Yvette Wroby writes, cartoons, paints through life and gets most pleasure when it's about football, and more specifically the Saints. Believes in following dreams and having a go.

Comments

  1. Hi Yvette,

    It was a heart breaking game and reflected on how our performances suck. I would feel hurt if I were at the game.

    The Metro train issues seemed to happen because the home team didn’t go marching in. Do you know what happened with train lines towards Footscray?

    Maybe should I train with our boys and practise basic skills to improve better?

    Thanks

    Yoshi

  2. G’day Yvette.

    It has turned out as a long season for your team. Coming into the year I felt you were contenders for the 8 , I certainly rated St Kilda than Melbourne. Why ?

    As an outsider I didn’t consider the loss of Reiwoldt, Montagna would impact on your progress. I felt both were past their best, there were another players peaking to give the leadership for the club to be finalists. Billings, Bruce, Gresham, Membrey, Ross & Steele , gave the club a strong nuclei to appear in September. Wasn’t I wrong.

    Watching your match against Essendon, last night, the turn overs, spilt marks, the elementary mistakes were glaring. I watched it with the better half who has decided to barrack for St Kilda since we want to the match in Wellington on Anzac Day 2015. She’s unsure if she’s picked the correct team.

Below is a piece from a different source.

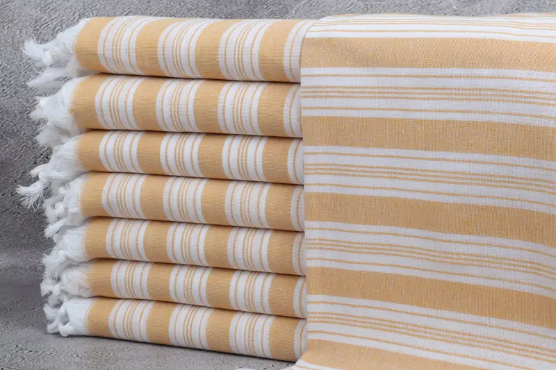 Türk havluları, yumuşak ve emici bir elyaf bileşimi sağlayan organik Türk pamuğunun kullanılmasıyla karakterize edilir. Bu havlular, geleneksel teknikler kullanılarak elde dokunmuştur ve 40x71 inç veya 100x180 santimetre boyutunda ve 2 inç veya 5 santimetreye kadar üretim toleransıyla sonuçlanır. Her bir havlu 124 gram ağırlığındadır ve önceden büzülerek dayanıklılığı artırılmıştır.

    Any how hope youse do better in 2019. There should, hopefully, be only one way from here: up.

    Glen!

  3. Yvette Wroby says

    Hi Yoshi,
    at least we are all in this together, the only up from this season. Surely, with games into the young men, and our more mature players coming back from injury next year, and with possibly a few good trades, we can be better.

    Glen! What can I see to your beloved. It’s been a tough few years. And what we keep producing is nowhere near what I think we are capable of. I need a holiday. Look out for my next post!

  4. Hi Yvette
    Your sentiments reminded me of myself, way back in the dreary South days when each week we were left “deflated, defeated and depressed”. As we know, though, nothing stays the same.

    And I can assure you that the train fiasco from Southern Cross isn’t just after St Kilda games. I’ve been to Etihad about five times this year, and every single time the Sandringham train on platform 13 sees thousands of people lining up for sometimes 40 minutes before a train arrives. Two weeks ago I was told I’d have to change at Flinders St as the train wasn’t going all the way. When I told him that they always go right through on footy days, he swore this one wouldn’t. Guess what: he had no idea what he was talking about, and we didn’t have to change. It’s beyond belief that they don’t organise trains every 5 or 10 minutes following the end of a match. I presume people have complained to the authorities, but doesn’t seem to have made any difference.